Marco Polo

Venetian Explorer
   

Born: 1254

Died: 1323(?)


In 1298 a Venetian adventurer named Marco Polo wrote a fascinating book about his travels in the Far East. Men read his accounts of Oriental riches and became eager to find sea routes to China, Japan, and the East Indies. Even Columbus, nearly 200 years later, often consulted his copy of 'The Book of Ser Marco Polo'.

In Marco's day the book was translated and copied by hand in several languages. After printing was introduced in the 1440's, the book was circulated even more widely. Many people thought that the book was a fable or a gross exaggeration. A few learned men believed that Marco wrote truly, however, and they spread Marco's stories of faraway places and unknown peoples. Today geographers agree that Marco's book is amazingly accurate.

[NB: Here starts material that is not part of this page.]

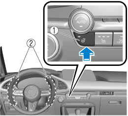 • If the heated steering wheel switch is pressed during auto mode, the heated steering wheel switches to manual mode. To return to auto mode, press the AUTO switch.
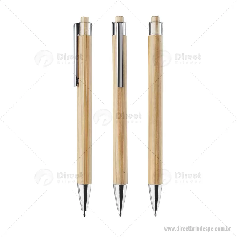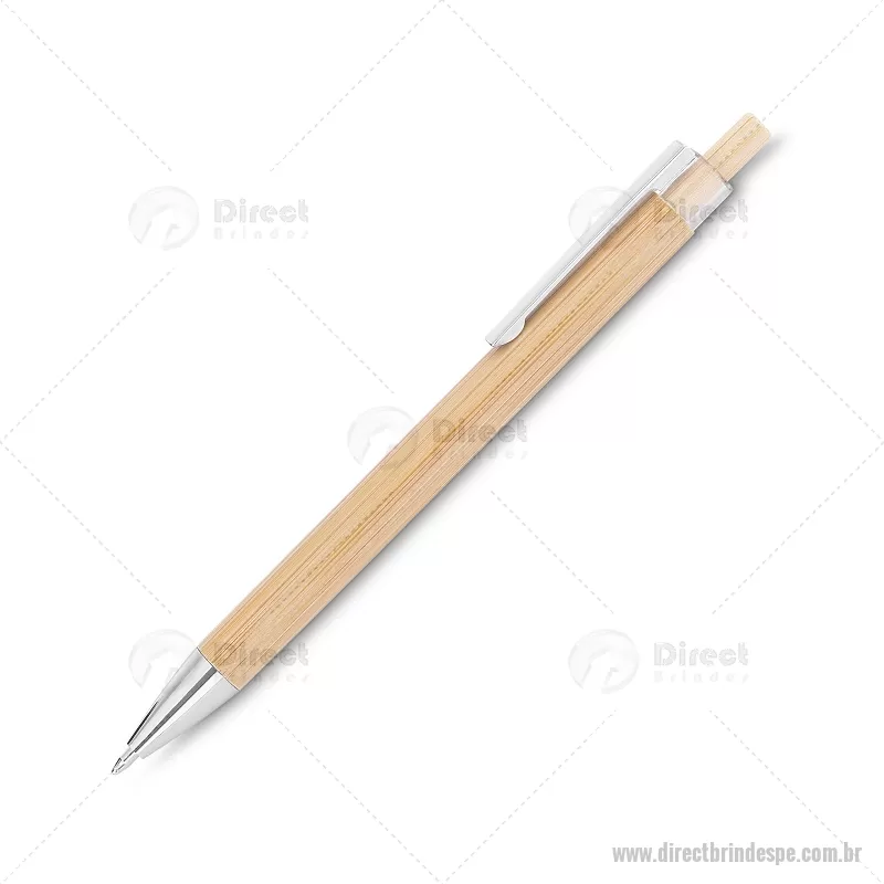 Caneta com corpo em bambu, acionador em bambu com detalhe plástico, ponteira e clipe cromado. Dimensão Produto: 14xø1cm Peso do Produto: 0,007kg - - DRTPECPECO072

Marco Polo was born in the city-republic of Venice in 1254. His father and uncles were merchants who traveled to distant lands to trade. In 1269 Marco's father, Nicolo`, and his uncle Maffeo returned to Venice after being away many years. On a trading expedition they had traveled overland as far as Cathay (China). Kublai Khan, the great Mongol emperor of China, asked them to return with teachers and missionaries for his people. So they set out again in 1271, and this time they took Marco.

From Venice the Polos sailed to Acre, in Palestine. There two monks, missionaries to China, joined them. Fearing the hard journey ahead, however, the monks soon turned back. The Polos crossed the deserts of Persia (Iran) and Afghanistan. They mounted the heights of the Pamirs, the "roof of the world," descending to the trading cities of Kashgar (Shufu) and Yarkand (Soche). They crossed the dry stretches of The Gobi. Early in 1275 they arrived at Kublai Khan's court at Cambaluc (Peking). At that time Marco was 21 years old.

At the Court of the Great Khan
Marco quickly became a favorite of Kublai Khan. For three years he governed busy Yangchow, a city of more than 250,000 people. He was sent on missions to far places in the empire: to Indochina, Tibet, Yunnan, and Burma. From these lands Marco brought back stories of the people and their lives.

The Polos became wealthy in Cathay. But they began to fear that jealous men in the court would destroy them when the khan died. They asked to return to Venice. Kublai Khan refused. Then came an envoy from the khan of Persia. He asked Kublai Khan for a young Mongol princess for a bride. The Polos said that the princess' journey should be guarded by men of experience and rank. They added that the mission would enable them to make the long-desired visit to Venice. The khan reluctantly agreed.

Since there was danger from robbers and enemies of the khan along the overland trade routes, a great fleet of ships was built for a journey by sea. In 1292 the fleet sailed, bearing the Polos, the princess, and 600 noblemen of Cathay. They traveled southward along Indochina and the Malay Peninsula to Sumatra. Here the voyage was delayed many months.

The ships then turned westward and visited Ceylon and India. They touched the East African coast. The voyage was hazardous, and of the 600 noblemen only 18 lived to reach Persia. The Polos and the princess were safe. When the Polos landed in Venice, they had been gone 24 years. The precious stones they brought from Cathay amazed all Venice.

Later Marco served as gentleman-captain of a ship. Forces of the rival trading city of Genoa captured it, however, and he was thrown into a Genoese prison. There he wrote his book with help from another prisoner. Marco was released by the Genoese in 1299. He returned to Venice and engaged in trade. His name appears in the court records of his time in many lawsuits over property and money. He married and had three daughters. He died about 1323.